A similar survey by the American Chamber of Commerce in January, “found that 44% of expats and businesses are likely to leave the city, citing Covid-related restrictions”. The report said: “Hong Kong still holds business opportunities but an array of issues, especially draconian travel restrictions and worsening US-China relations, weigh on sentiment.”
Western media reports, based on feedback from the companies, “even without the Covid crisis, headhunters were having trouble bringing talent to Hong Kong because of Beijing’s growing oversight of the semiautonomous territory”. The implementation of the draconian national security law had also contributed to the companies’ uncertainty. The American report says “more than 80% of US firms in Hong Kong said they had been impacted by the national security law, nearly half saw staff morale take a hit, and said they lost employees who decided to emigrate”.
According to Bloomberg, Hong Kong Chief Executive Carrie Lam acknowledged that the “city’s strict measures were having an impact” on the city’s weary residents as well as the finance hub’s international reputation. She was quoted as saying: “I have a very strong sense that people’s tolerance is fading.
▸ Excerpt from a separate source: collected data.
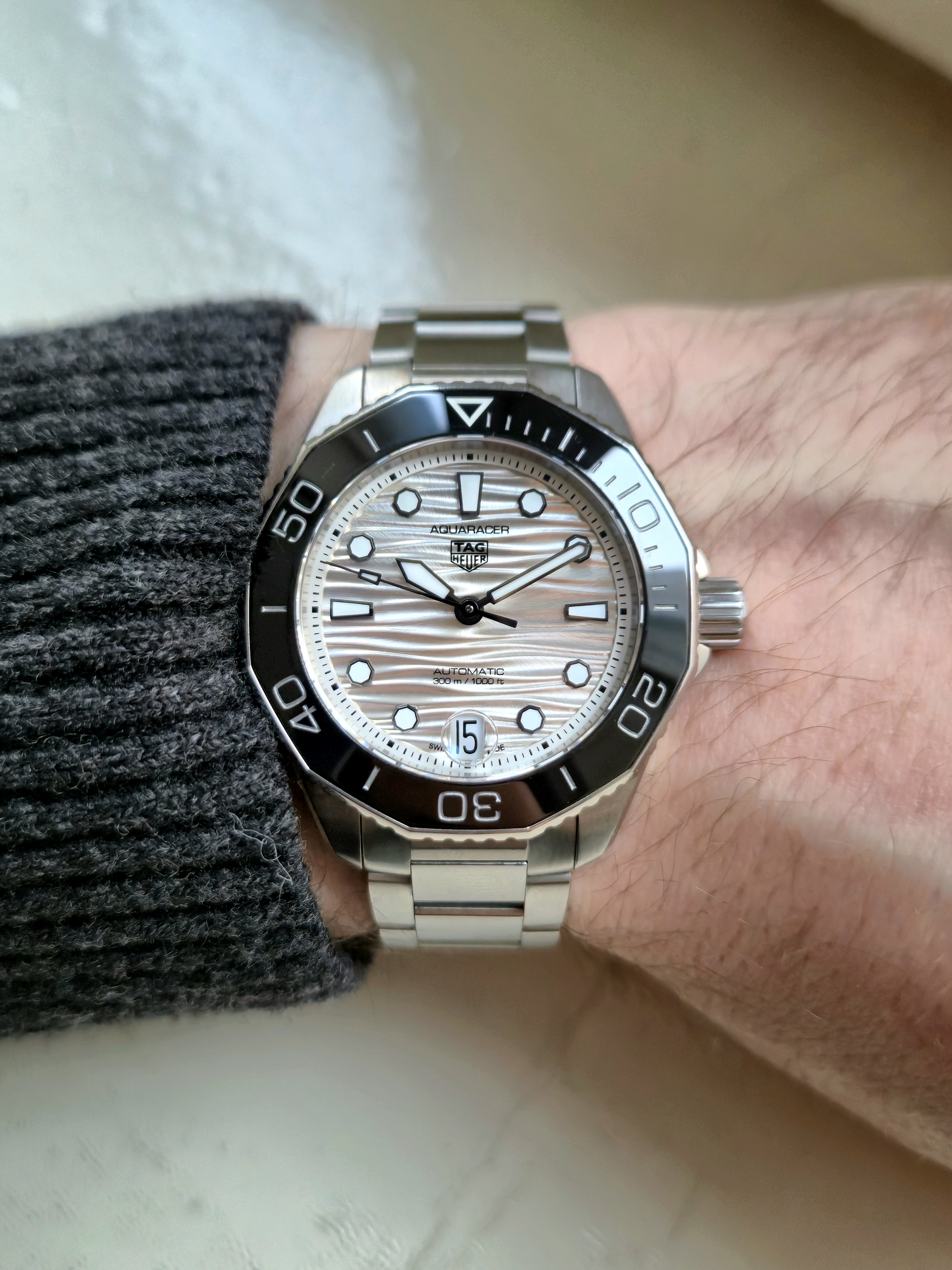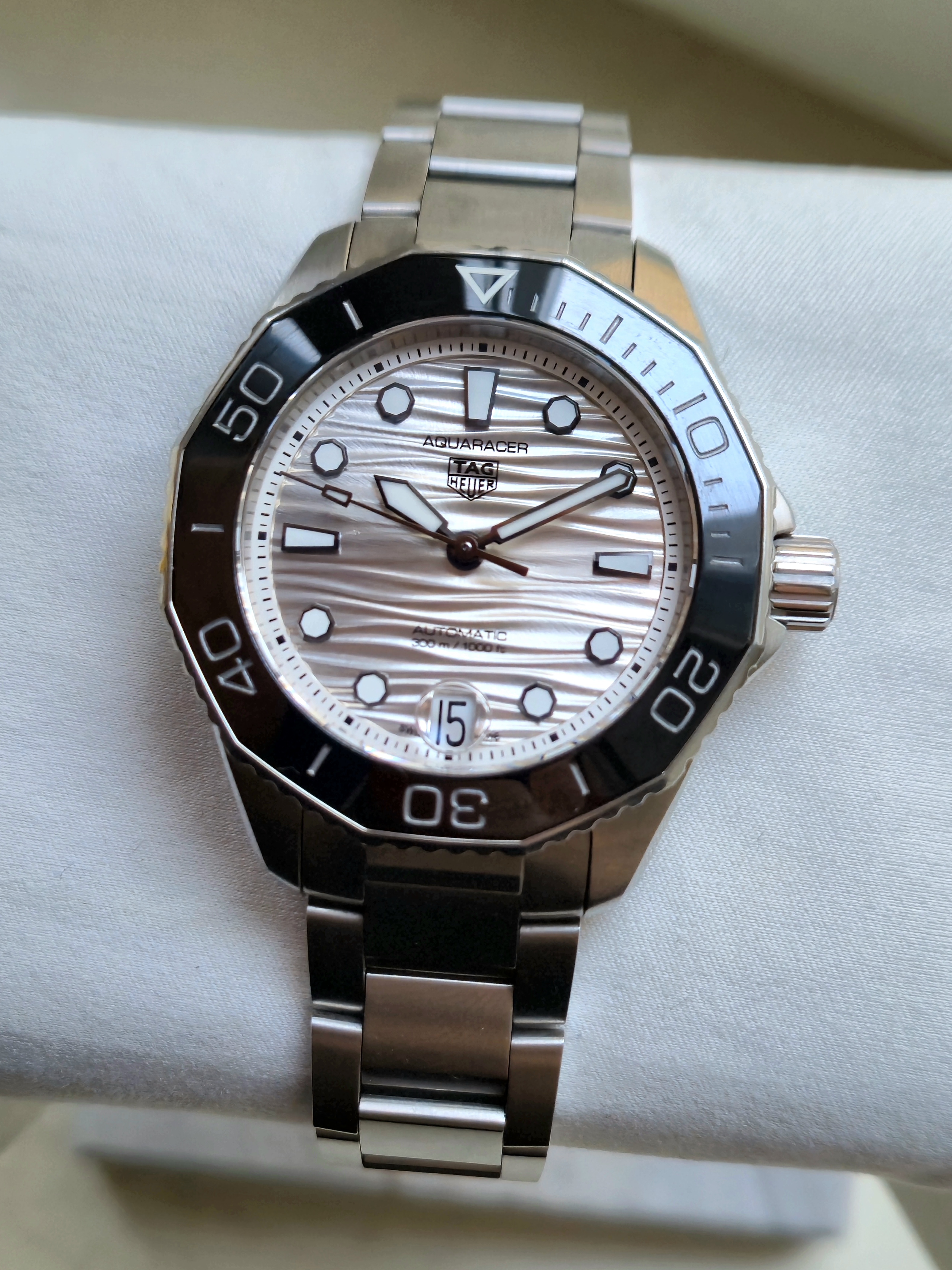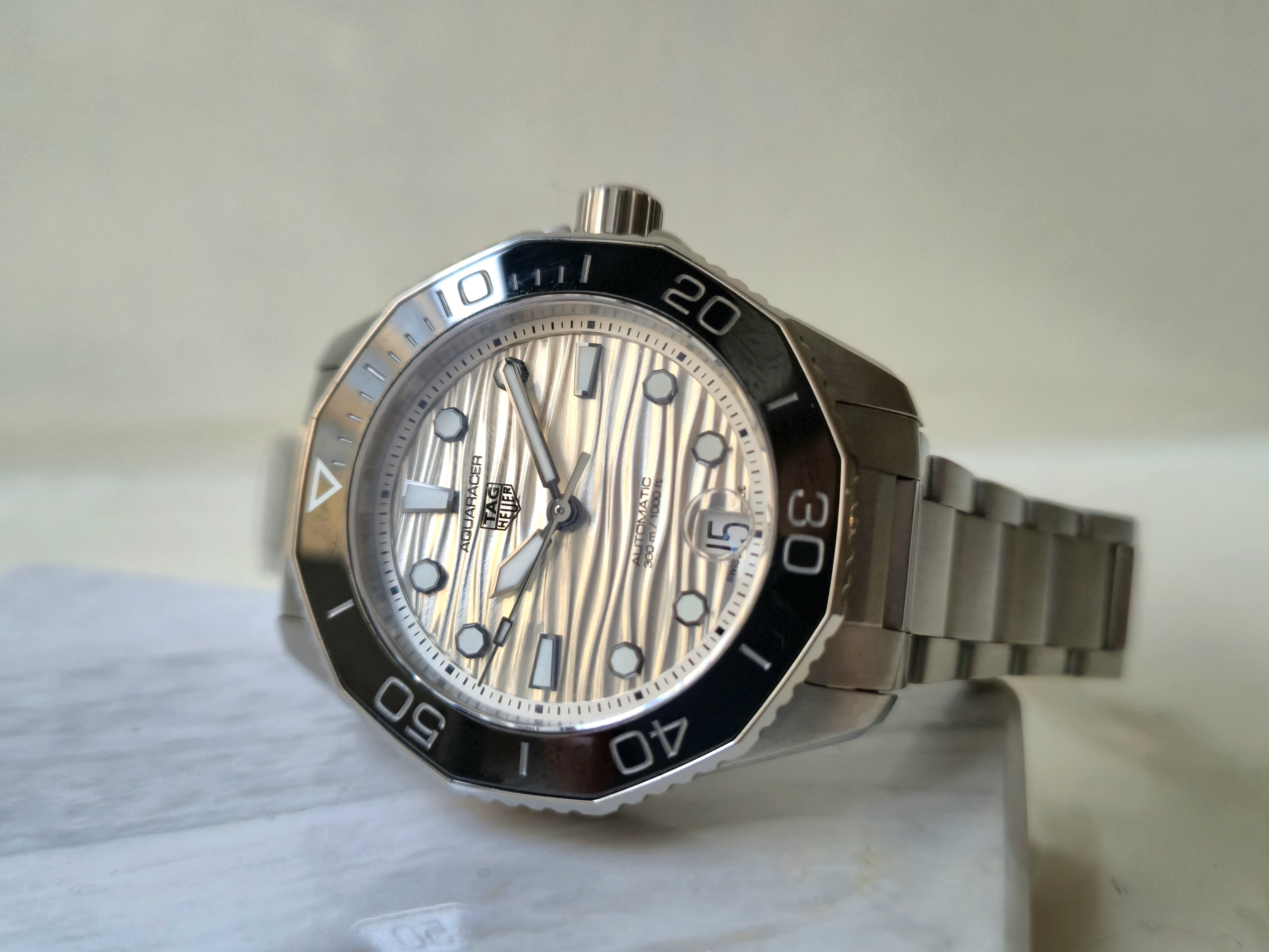 Tyylikäs uudemman mallin Aquaracer upealla vaalealla taululla, sekä pienemmällä 36mm kopalla. Kellosta löytyy mm. Calibre 5 automaattikoneisto, keraaminen bezel sekä pikasäädöllinen clasp.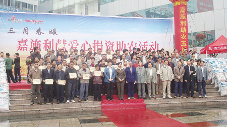农业的发展是社会进步根基,根系深则花果繁,仓廪实,社会兴。农业遭受严重的损失将对国家经济发展和农民生产生活均造成严重的影响,作为一个农资生产企业,新都化工主动承担作为企业的社会责任,不仅为广大农民朋友提供优质高效的复合肥产品,还时刻关注农民朋友的生产生活问题。2007年,新都化工在广西、四川等省举办 “爱心托起希望--嘉施利阳光助学活动”,当时曾在玉林市资助100多名农村贫困孩子,帮助他们继续求学之路,此次助农活动是新都化工在玉林展开的第二次以“关注三农”为主题的大型公益活动。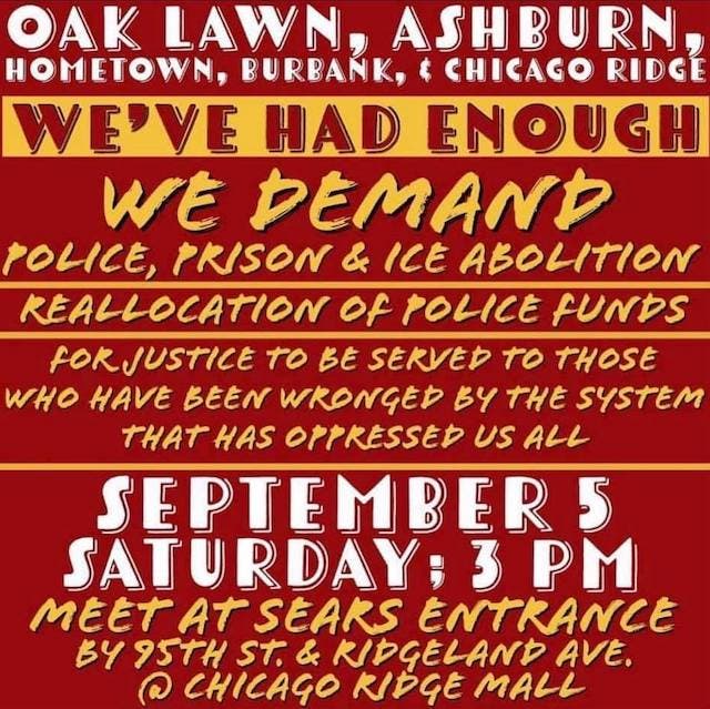CHICAGO RIDGE, IL — A flier for a protest march that has been circulating on neighborhood Facebook groups is planned for Saturday, Sept. 5. The group will be gathering at 3 p.m. near the Sears entrance at Chicago Ridge Mall, 95th Street and Ridgeland Avenue. The march steps off at 3:30 p.m.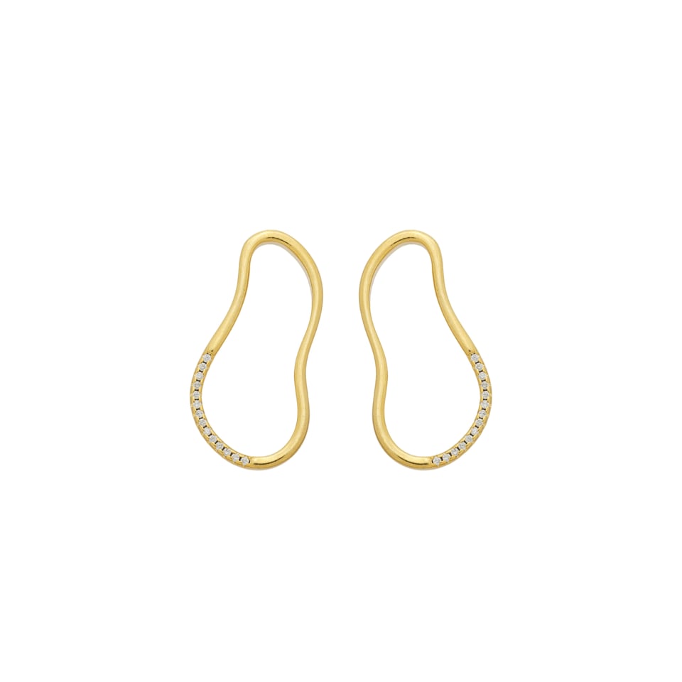 Brinco orgânico oval vazado com pedras 1mm zircônia, medindo 3x1,5cm BANHO DE OURO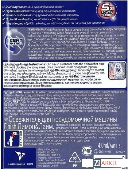 Освежитель FINISH нейтрализует неприятный запах в посудомоечной машине и придает приятный цитрусовый аромат. КАК ИСПОЛЬЗОВАТЬ:Закрепите освежитель на корзине для посуды или повесьте на верхнюю полку, убедившись, что он не блокирует разбрызгиватели воды и отсек дозатора. Замените освежитель, когда исчезнет запах. Освежитель сохраняет аромат примерно на 60 моющих циклов.

I have a very good feeling that some of our financial institutions are losing patience about this isolated status of Hong Kong.”
The Chinese government has so far refused to react to the revelations of these surveys. However, the industry is getting a clear picture from the angry and frustrated reactions of the Chinese people to the unending restrictions.
For the last two years, millions of Chinese have experienced massive lockdowns whenever a handful of Covid cases were reported. They were forced to stay indoors, tracked digitally, made to undergo mass testing frequently. However, when the pandemic outbreak did not come under control, the restriction became severe with people unable to buy even basic groceries from nearby markets. The situation “prompted online rumblings from frustrated citizens, as questions about Beijing’s zero-Covid strategy break into the mainstream for the first time”.
Unruly scenes of protests by residents went viral on the social media platforms in Shenzhen and Guangzhou.
Even affluent cities like Shanghai are reverberating with protests. According to the media, “a stark example of the human toll of China’s stringent measures came on Wednesday, when an off-duty nurse died of an asthma attack in Shanghai after reportedly being turned away from several hospitals, including the one where she worked”. As the uproar over the incident increased, “Wu Jinglei, director of Shanghai’s health commission, offered his condolences and vowed to reduce the disruption to normal medical services, especially for emergency rooms, while hospitals are being disinfected”.
Bloomberg reports: “While a recent devastating outbreak of the Omicron variant has forced the government to relax some restrictions amid an exodus of expatriates and residents, the city hasn’t given any signs that it plans to abandon the ‘dynamic zero Covid’ strategy it has borrowed from China. The strategy aims to fully eliminate local cases rather than risk opening up.”